I'm waiting for the coffee to finish brewing.
I'm learning to be okay with my fears in regard to letting people other than people I know read my work.
The thought of that feels like standing naked in a spotlight, at night, in a cold, wet drizzle, with a slight breeze, in front of an old brown brick wall (No, I don't know why a brown brick wall, I'm just going with what my brain is projecting)... and it's muddy. Not standing-in-puddles muddy, but that kind of muddy where you think to yourself, "Hey, that look like the consistency of face-mask mud." Instead of rifles just out of line of sight, there are people (with my face, I'm sure of it) waiting to jeer in all the colorful ways people jeer when they read bad fiction.
Defensive humor, don't fail me now.
It feels like I'm running from a saber-tooth tiger.
When I read the critiques from my writing group I was grateful for the points they made, but it felt like a rabid woolly mammoth, foaming at the mouth, joined the chase (I like to be chronologically correct when I'm half-wake and over exaggerating.)
Most of my waking life I've been an editor, so I'm usually at the receiving end (how appropriate) of manuscripts that (hopefully) have been through all of this; The plot holes mostly filled, grammar and punctuation have been sorted out, adverbs and passive voice have been kept to a minimum, consistencies are consistent, etc. But there is something to be said when you've been immersed so much in your own story, that even though you're grateful for another set or 3 of eyes pointing out the obvious abysses in your story, there is an irrational bit of your brain that thinks, "I really wish humans were more in tune with this whole mind-meld thing. It'd make my life easier." But that's lazy and not really a lot of fun.
So as the coffee begins to take effect and my humorous nature throws a house coat in my general muddy direction, I will pull up my big-girl panties (comfy working undies), turn on some writing music, and get to work.
Sunday, December 8, 2013
Wednesday, December 4, 2013
Avalanche
I'm going to publish my first manuscript early next year. So
you're maybe thinking to yourself, "So. Yeah. That's great." For me
and many other 1st-time publishing writers, that's a really big
deal.
I remember transcribing for a project and the interviewee
talked about how after he wrote and published his first book, the other dozen books
just flew out of his head (Okay, he may have said half a dozen books and he may
have also said something a little less poetic than "flew out of his head.").

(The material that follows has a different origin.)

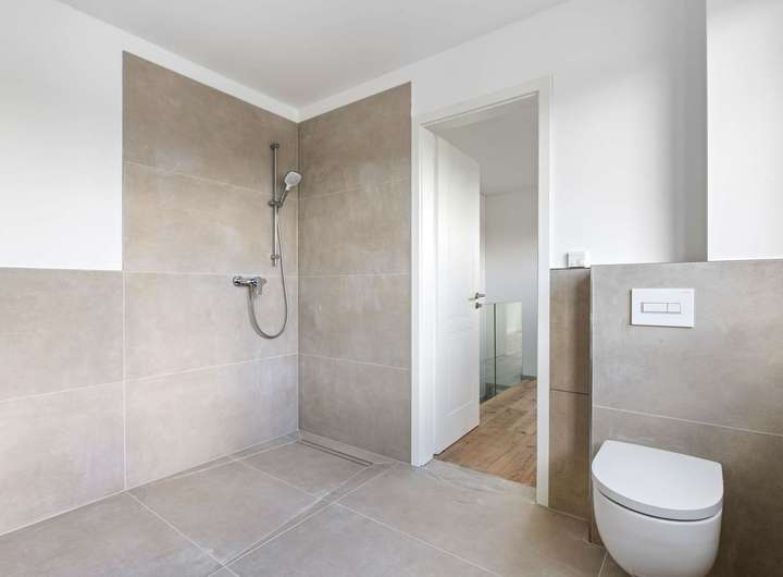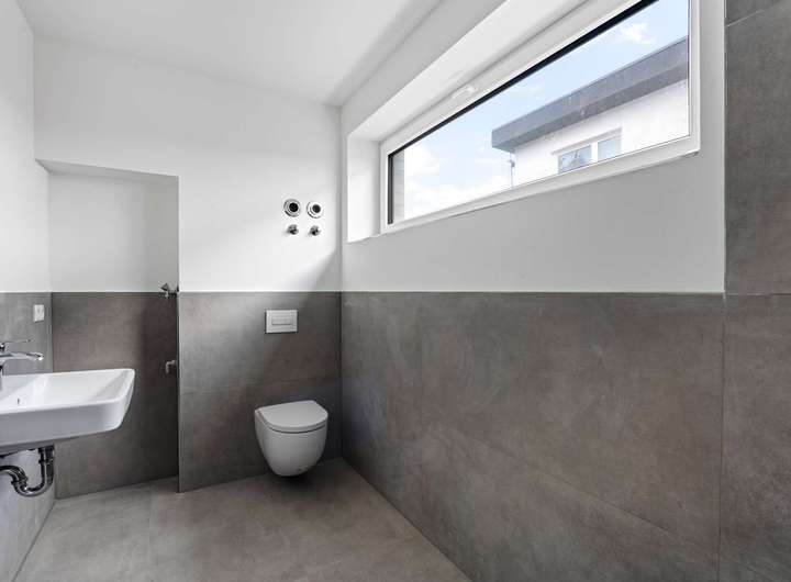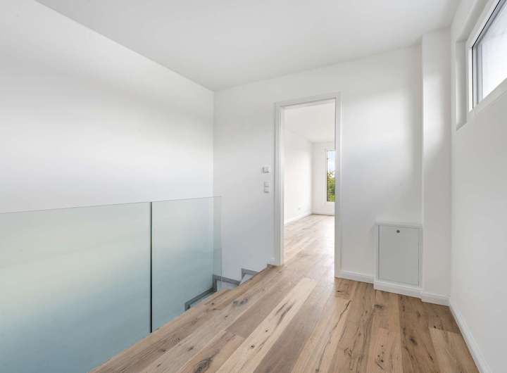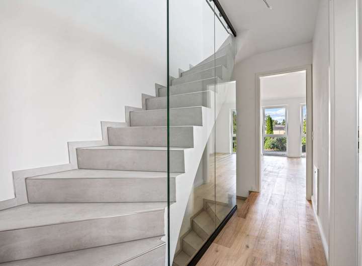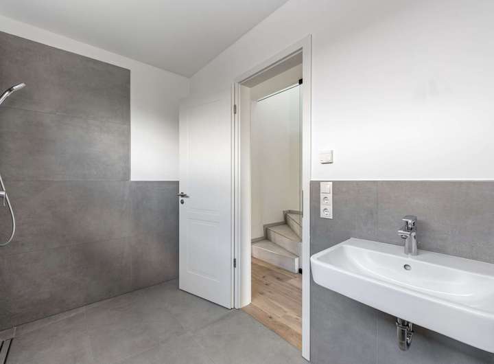 Über die solide Betontreppe gelangen Sie ins Obergeschoss, das den privaten Rückzugsbereich beherbergt: Hier finden Sie zwei helle Schlafzimmer mit großen Fenstern sowie ein stilvolles Vollbad mit bodengleicher Dusche.

If I was taking the coward's way out, I'd have quite a list
of reasons not to write at all (especially with everything going on this year),
much less actually have the gall to think I'm going to publish anything. But to be perfectly honest,
I'm done being a coward, or more specifically, I'm done creating and living off
excuse after excuse as to why I can't do or be or have ____________. I have all around
me personal, professional, and spiritual examples of pressing on in the face of
less-than-ideal circumstances and not only did they survive and thrive, but their
contributions are an avalanche of inspiration for so many.
I've had a lot of fun sharing my stories with the writing
group helping me polish my works. I appreciate their input and I am glad when I
recognize my ego being an Ego. I'm grateful for the surge of energy that comes
from feeling unstuck after I get back a critique.
So my Avalanche of Appreciation is to all who are not
perfect and know they are not perfect, and embrace their imperfections. We still trudge on anyway.